Migrations deserve special attention. We run Drizzle ORM migrations as a separate CI step before the application deploy. The rule is simple: migrations must be backward-compatible. If a migration would break the currently running version, we split it into two releases -- one that adds the new schema, and one that removes the old.

Post-Deploy Monitoring

Every production deploy triggers a 10-minute monitoring window. We watch three signals:

Error rate via Sentry — alerts if it increases by more than 2x baseline
p95 latency via Azure Application Insights — alerts if it exceeds 2 seconds
Interview completion rate — our key business metric. If it drops by more than 10%, something user-facing is broken

If any signal crosses its threshold during the monitoring window, we auto-rollback via slot swap. The rollback is triggered by an Azure Monitor alert rule that calls a webhook, which in turn runs the slot swap command. Total time from detection to rollback: under 60 seconds.

Our health check endpoint (/api/health) validates more than just "the server is running." It checks:

Database connectivity (a lightweight SELECT 1 query)
Redis connectivity
External API reachability (Azure Speech Services, OpenAI)
Disk space and memory (basic thresholds)

If any check fails, the endpoint returns a 503. The deployment slot health probe calls this endpoint, and a failing probe blocks the slot swap from proceeding.

Alert routing: critical alerts (error rate spike, health check failure) go to PagerDuty. Warning alerts (latency increase, elevated queue depth) go to a Slack channel. Informational notifications (deploy started, deploy completed, slot swapped) go to the deploy channel.
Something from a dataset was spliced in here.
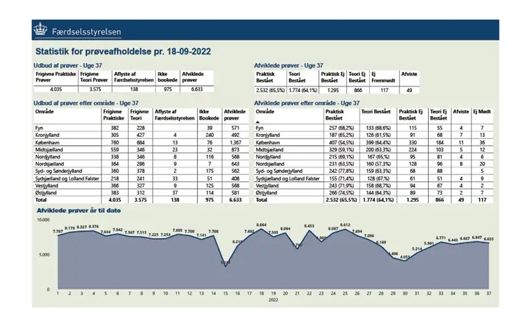 Her kan du se statistikker for hver måned over køreprøveafholdelse, geografisk, hvor mange prøver som er afholdt som planlagt, ikke fremmødt mv.

Canary Deployments for High-Risk Changes

For changes that touch the database schema, AI model configuration, or core interview flow, we use a weighted traffic split instead of an all-or-nothing slot swap:

Route 10% of traffic to the new version for 1 hour
If signals are healthy, increase to 50% for 30 minutes
If still healthy, route 100% (full swap)

Azure App Service supports traffic routing between slots natively:

az webapp traffic-routing set \
  --resource-group hyrecruit-rg \
  --name hyrecruit-prod \
  --distribution pre-production=10

The canary saved us once. A Drizzle ORM minor version update changed query generation behavior for a specific left join pattern. The 10% canary showed a 3x increase in query duration for dashboard page loads. We caught it within 20 minutes and reverted the canary before 90% of users were ever exposed.

What We Learned

After eight months of running this pipeline, three things stand out:

Deployment slots are underrated. The ability to swap and swap back in seconds has saved us multiple times.
Environment parity matters. Our staging database uses the same PostgreSQL version and extensions as production. No surprises.
Fast feedback loops change behavior. When deploys take 3 minutes instead of 30, engineers deploy smaller changes more frequently, which means fewer incidents.

The total setup took us about a week. The time saved since then is immeasurable. If you are building on Azure, deployment slots plus GitHub Actions is a combination that punches well above its weight.